The task ▸ Taking only the lines of the data below from the line with "Qadın palto –" to the line with "يتميز الدبوس بتصميم", ends included, write them out exactly and without pictures.

Supplied data ▸
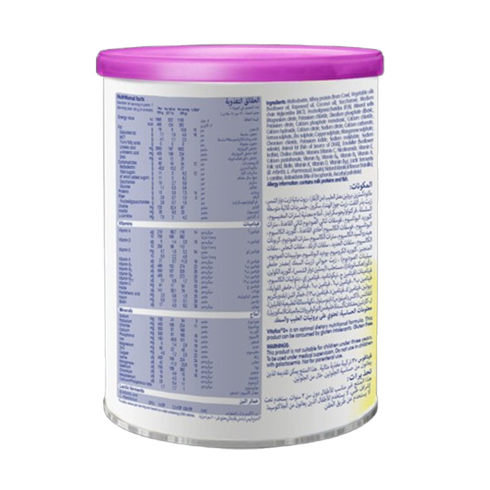 المكونات: مالتوديكسترين ، بروتين مصل اللبن (من بقرة) ، زيوت نباتية (زيت عباد الشمس ، زيت بذور اللفت ، زيت جوز الهند) ،سكروز ، دهون ثلاثية متوسطة السلسلة (MCT) ، سكريات فركتوليغو (FOS) ، أملاح معدنية (سترات المغنيسيوم ، كلوريد البوتاسيوم ، ثنائي فوسفات ثنائي الصوديوم ، سترات البوتاسيوم ، فوسفات الكالسيوم أحادي القاعدة ، كلوريد الكالسيوم ،هيدروكسيد الكالسيوم ، سترات الكالسيوم ، سترات الصوديوم ، كربونات الكالسيوم ، كبريتات الحديدوز ، كبريتات الزنك ، كبريتات النحاس ، كبريتات المنغنيز ، كلوريد الكروم ، يوديد البوتاسيوم ، موليبدات الصوديوم ، سيلينيت الصوديوم) (زيت السمك [مصدر DHA]) ، مستحلب (ليسيثين دوار الشمس) ، كلوريد الكولين ، فيتامينات (فيتامين سي ، نيكوتيناميد ، فيتامين إي ، بانتوثينات الكالسيوم ، فيتامين ب 2 ، فيتامين ب 6 ، فيتامين ب 1 ، فيتامين أ ، حمض الفوليك ، البيوتين ، وفيتامين ك ، وفيتامين د ، وفيتامين ب 12) ، وتخمير اللاكتيك (بكتريا إنفانتيس ، إل رامنوسوس) ، إينوزيتول ، نكهة طبيعية متطابقة (فانيلين) ، إل-كارنيتين ، مضادات الأكسدة (مزيج من توكوفيرول ، أسكوربيل بالميتات).
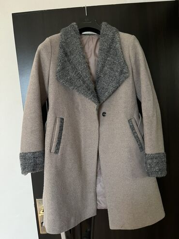 Qadın palto – bej rəng, toxuma fakturalı kumaş - Kəsim: Dizaltı uzunluq, klassik düz siluet - Yaxa: Geniş qatlana bilən şal yaxa - Bağlanma: İkiqat sırada 4 düymə - Ciblər: Ön hissədə iki iri yama...
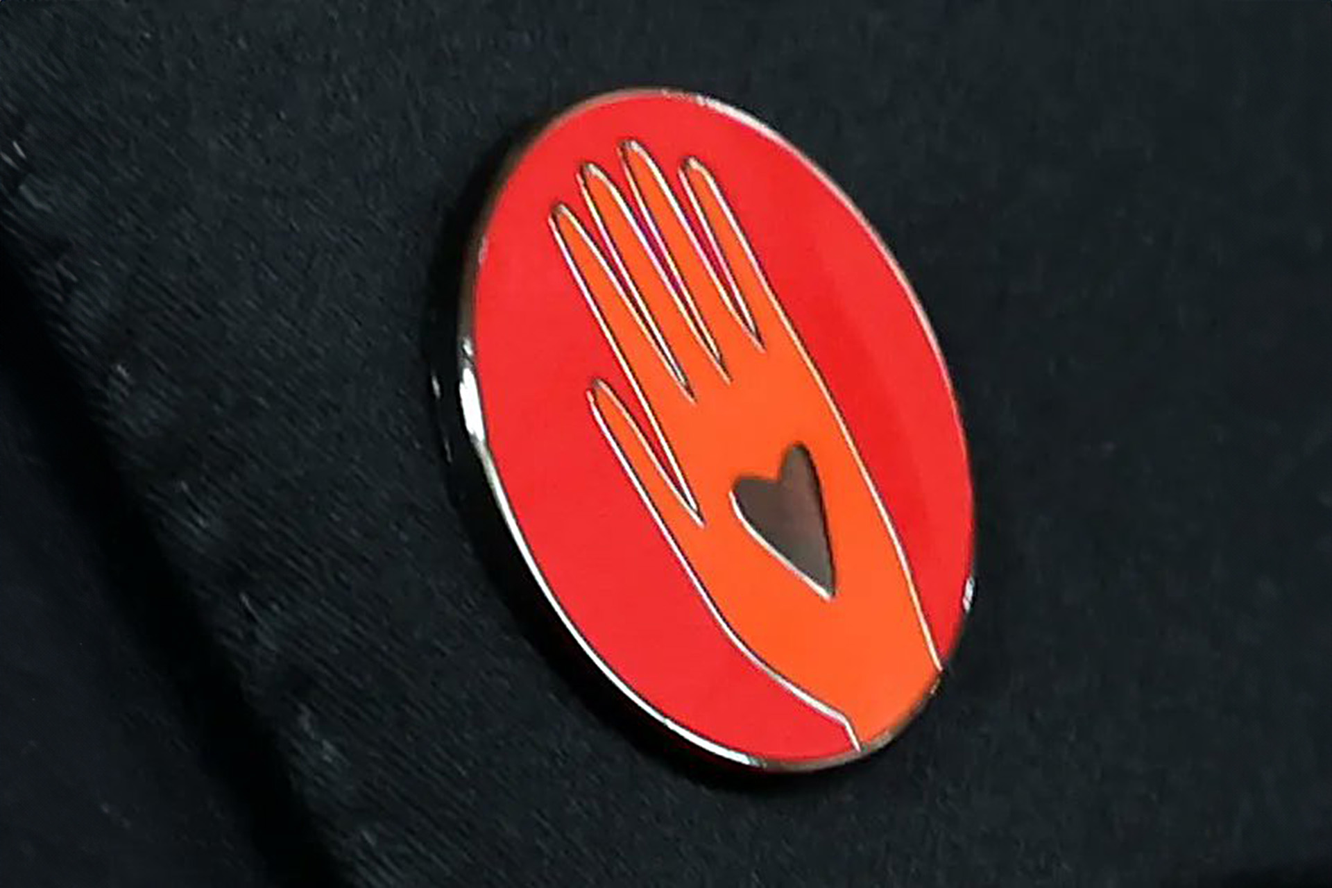 يتميز الدبوس بتصميم بسيط لكنه قوي، حيث يتكون من دائرة حمراء بها يد مفتوحة مخططة بالأسود وقلب برتقالي في وسطها.
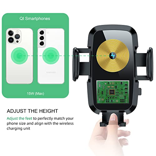 L'altezza di 15mm è regolabile per adattarsi perfettamente alle dimensioni del telefono e allineare l'unità di ricarica wireless. Prima dell'uso, collegare il caricabatterie da auto QC3.0 per una ricarica rapida ed efficiente.

Reply to the exercise ▸
 Qadın palto – bej rəng, toxuma fakturalı kumaş - Kəsim: Dizaltı uzunluq, klassik düz siluet - Yaxa: Geniş qatlana bilən şal yaxa - Bağlanma: İkiqat sırada 4 düymə - Ciblər: Ön hissədə iki iri yama...
 يتميز الدبوس بتصميم بسيط لكنه قوي، حيث يتكون من دائرة حمراء بها يد مفتوحة مخططة بالأسود وقلب برتقالي في وسطها.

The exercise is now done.